S'emparer d'un esprit dont la foi m'est promise,
C'est surprendre une place entre mes mains remise ;
Et vous ne seriez pas moins coupable que lui,
Si je ne vous voyais d'un autre oeil aujourd'hui.
À des crimes pareils j'ai dû même justice,
Et ne choisis pour vous qu'un amoureux supplice.
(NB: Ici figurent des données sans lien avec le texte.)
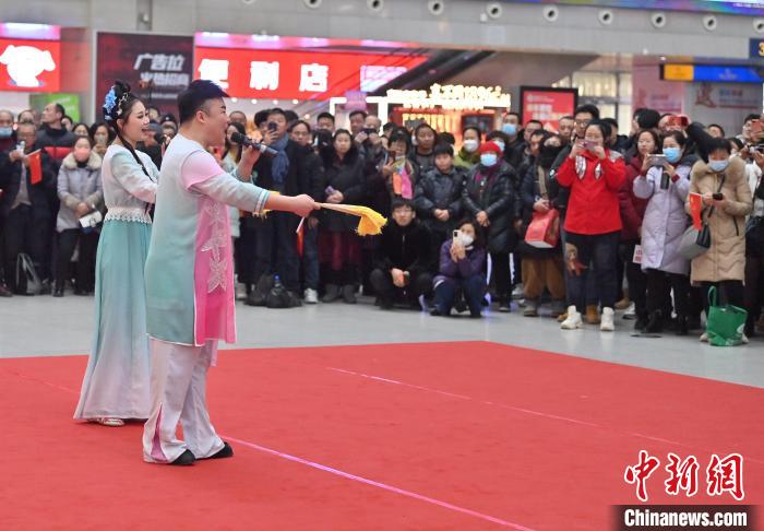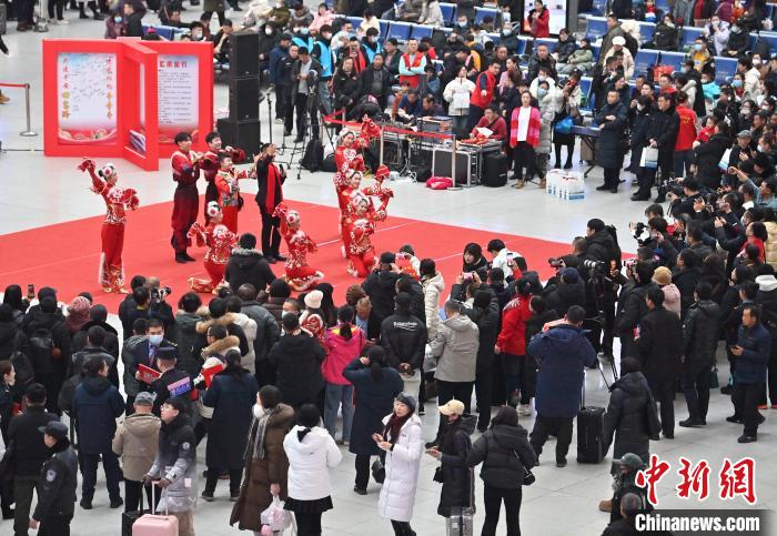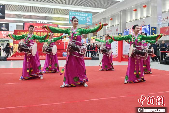 1月26日,在长春站候车大厅,长春站、沈阳铁路公安局长春公安处等多个部门联合为旅客带来了系列精彩表演, 吸引大批过往旅客驻足观看、参与。当天,2024年春运启动。2024年春运自1月26日开始至3月5日结束,为期40天。春运期间,长春站预计发送旅客341万人次,日均8.5万人次。(完)

Pour un si cher objet que je mets en vos bras,
Est-ce un prix excessif qu'un si juste trépas ?

Ardaric
Mais c'est déshonorer, seigneur, votre hyménée
Que vouloir d'un tel sang en marquer la journée.

Attila
Est-il plus grand honneur que de voir en mon choix
Qui je veux à ma flamme immoler de deux rois,
Et que du sacrifice où s'expiera leur crime,
L'un d'eux soit le ministre, et l'autre la victime ?
Si vous n'osez par là satisfaire vos feux,
Craignez que Valamir ne soit moins scrupuleux,
Qu'il ne s'impute pas à tant de barbarie
D'accepter à ce prix son illustre Honorie,
Et n'ait aucune horreur de ses voeux les plus doux,
Si leur entier succès ne lui coûte que vous ;
Car je puis épouser encor votre princesse,
Et détourner vers lui l'effort de ma tendresse.